=== Begin Enclosure ===

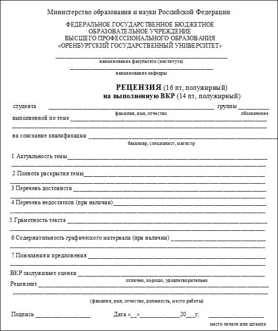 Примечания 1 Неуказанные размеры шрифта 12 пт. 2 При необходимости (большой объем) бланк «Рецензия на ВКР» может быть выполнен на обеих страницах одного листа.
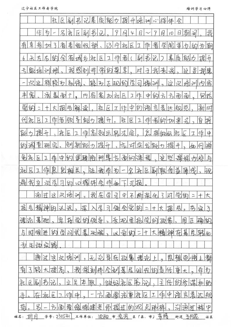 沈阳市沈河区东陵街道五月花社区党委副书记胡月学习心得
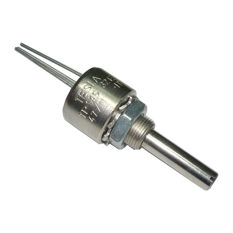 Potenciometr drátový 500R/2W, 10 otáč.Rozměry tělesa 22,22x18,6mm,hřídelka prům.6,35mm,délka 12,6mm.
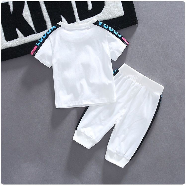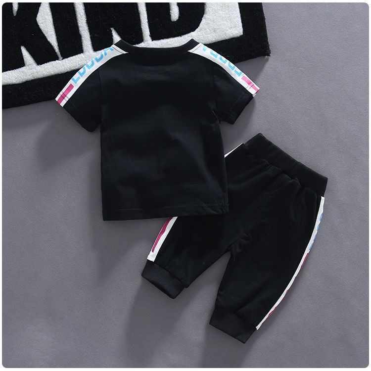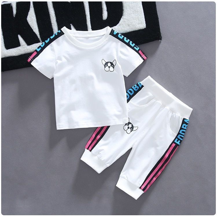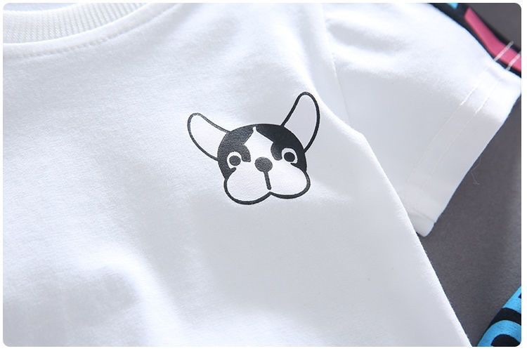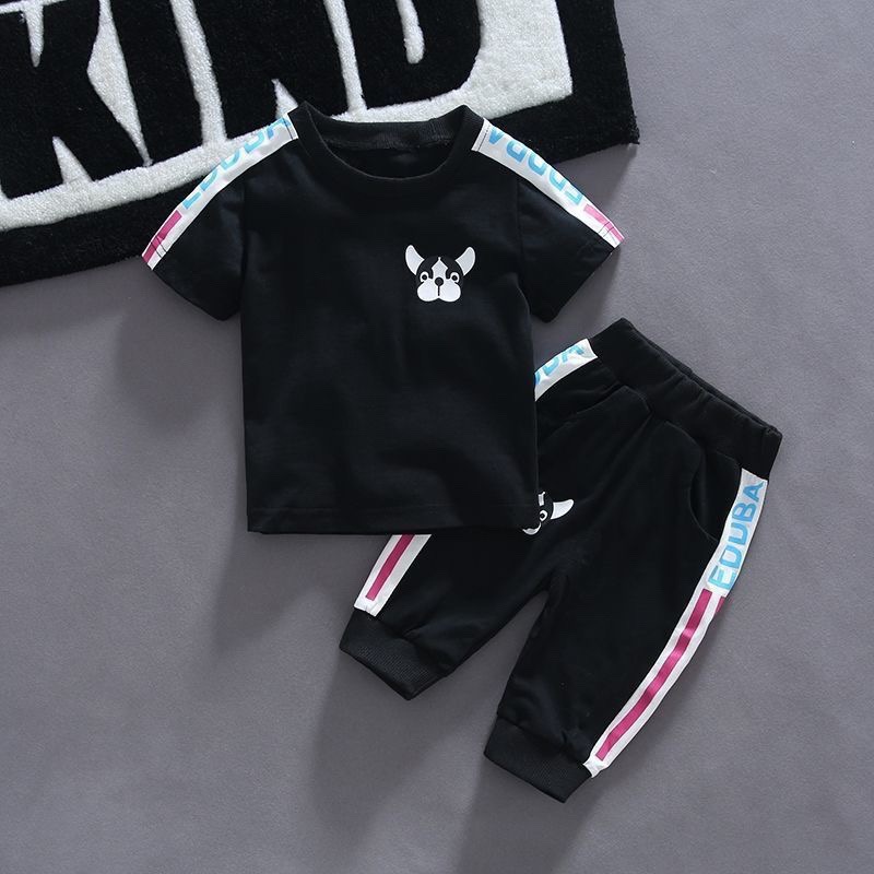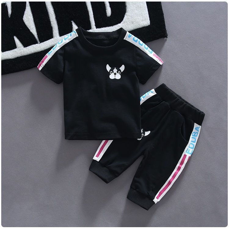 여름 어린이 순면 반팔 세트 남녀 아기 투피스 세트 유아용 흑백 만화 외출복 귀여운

=== End Enclosure ===

▶ **Required work**
Print exactly, and only, the lines from the one with "Potenciometr drátový 500R/2W, 10" through the last line of the listing above. No pictures belong in the copy.

▶ **Solution below**
 Potenciometr drátový 500R/2W, 10 otáč.Rozměry tělesa 22,22x18,6mm,hřídelka prům.6,35mm,délka 12,6mm.
 여름 어린이 순면 반팔 세트 남녀 아기 투피스 세트 유아용 흑백 만화 외출복 귀여운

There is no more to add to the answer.